Moreover, reopening the case now would prejudice the defendant. Had Commerzbank raised the issue in a timely manner, and had it prevailed both on the motion for reconsideration and in defeating each of U.S. Bank's summary judgment arguments regarding the German Certificates, its claims under the German Certificates could have been litigated concurrently with its other claims. In particular, the Phase 2 expert discovery could have incorporated the German Certificates and the 15 separate expert reports, their related 11 Daubert motions, and each of the expert depositions could have addressed all of the certificates destined for trial. Instead, Commerzbank's delay allowed it to pocket the money from the settlement of the claims on the Trial Certificates, while keeping its arguments regarding the German Certificates in reserve. This tactical choice was made even though it ran the risk of increasing the cost and length of this litigation. Reopening the case would create perverse incentives and encourage gamesmanship.
As importantly, Commerzbank's delay deprived the district court of almost a year of time in which to manage this litigation in the most effective way. Commerzbank's attempt to restart expensive and time-consuming Phase 2 expert discovery on 18 Certificates first issued nearly two decades ago, on a schedule of its own choosing instead of one managed by a court that has a complete understanding of the parties' claims and positions, is inconsistent with “the just, speedy, and inexpensive determination” of its claims. Fed.R.Civ.P. 1.
Finally, in its reply brief Commerzbank argues that it would promote judicial efficiency to consider Ohio's updated statute of limitations on a motion for reconsideration.
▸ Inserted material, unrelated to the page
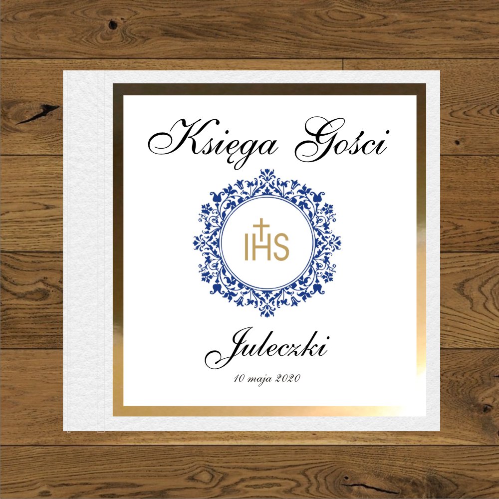 Zaproszenia komunijne glamour. Hostia granatowa fantazyjna

Commerzbank argues that a failure to address the merits of its motion for reconsideration now will leave consideration of those merits for the appellate process, where the Court of Appeals will be “compelled” to reverse the summary judgment Opinion. The Court of Appeals will, of course, decide for itself what arguments have been properly preserved for appeal. On this record, however, Commerzbank has not shown that this case should be reopened by this Court to permit it to bring an untimely motion for reconsideration.
Conclusion
Commerzbank's March 8, 2022 motion is denied. The Clerk of Court shall close the case.